NASA has selected the School of Engineering and Applied Sciences to study technologies that could potentially be applied to future lunar missions because it Prepare Launch Artemis and send astronauts back to the moon.
With the last manned mission to the moon 50 years agoNASA and universities will work to expand what can be explored on the lunar surface.
electric and professor of computer engineering. Mool Gupta will lead the development of the technology to be created. His current project is a small rover capable of detecting not only surface features, but also subsurface features.
To be able to explore the moon, NASA needs an instrument that can detect rock composition and retrieve the signature of any traces of life on the moon. The novel instrument must also be lightweight because it will be sent millions of miles away. Gupta and his team proposed a lightweight, compact and low-power combination, small, tubular The head weighs less than an ounce.
“We proposed to NASA to develop a compact device that is versatile, meaning it can detect composition, chemical elements, information, biosignatures, surface morphology and thermal properties,” Gupta said.
exist August, NASA awarded the School of Engineering and Applied Sciences a $900,000 grant over two years to develop the project. NASA’s missions involve exploring different planets, looking for minerals in rock formations to understand how they formed, and exploring the possibility of life on the moon, Gupta said.
The instrument will be able to detect inorganic and organic compounds. Gupta and his lab experience Photonicsthe science behind light, essential for gathering data on light element signatureor the chemical composition of rocks.

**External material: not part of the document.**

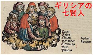 ・アテナイの立法者ソロン ・ミレトスの哲学者タレス ・スパルタの民選長官キロン ・プリエネの僭主ビアス ・リンドスの僭主クレオブロス ・ミュティレネの僭主ピッタコス ・ケナイの農夫ミュソン

Postdoctoral researcher Pawan Kanaujia has been in the lab for about a year, specializing in lasers and detection technologies.
“Light will scatter in different directions, and we’ll detect the scatter, depending on the substrate and where its spikes are,” Kanaujia said.
Unlike Earth, however, the Moon has no atmosphere and no scattering of light from its surface. Kanaujia explained that this means that the precision of the laser beam increases, and therefore the ability of the laser to retrieve the elemental composition of the material.
Using lasers can provide fluorescence and energy to power certain reactions, Gupta said. The material exposed to the laser beam evaporates and then emits light, allowing researchers to know what’s in the material.
The ability of the tiny rover to detect elements from the lunar surface will be of particular interest in less-discovered regions of the moon, such as the South Pole.because Southern Poland Region Possibly rich in resources, NASA is also interested in the ability of the mini-rovers to detect ice and analyze its composition.
Under Gupta’s tutelage, the students of the university participated in the NASA Big Ideas Challenge last year. They demonstrated that energy from solar panels placed on the moon can be converted into electricity, followed by laser energy, to power machines over long distances on the South Pole. Gupta explained how the students focused on the fact that crater tops in these shaded areas actually received sunlight, while craters several miles deep did not.
The technology could potentially be used on other planets with certain considerations and modifications. On planets with different atmospheric conditions, Gupta explained that the technique requires additional heating. The future benefits of such research could do wonders.
“There’s a lot of interest in exploring the South Pole and the Moon because it’s not only challenging for human society, but potentially rewarding in the long run,” Gupta said.
witty limited natural resources Available on Earth, scientists think the moon could be a gold mine for future generations.For example, since the Moon is rich in helium-3, scientists can harvest This energy from the moon will be used as fuel for future nuclear fusion power plants.
Thanks to the use of these advanced processes and techniques, Gupta and Kanaujia describe the research project as a multidisciplinary collaborative effort. For example, researchers with backgrounds in astrophysics, geology, optics, photonics or lasers are involved in the project.
These exploration efforts may determine whether life exists on the moon, perhaps leading us to send humans to the moon again in search of new discoveries.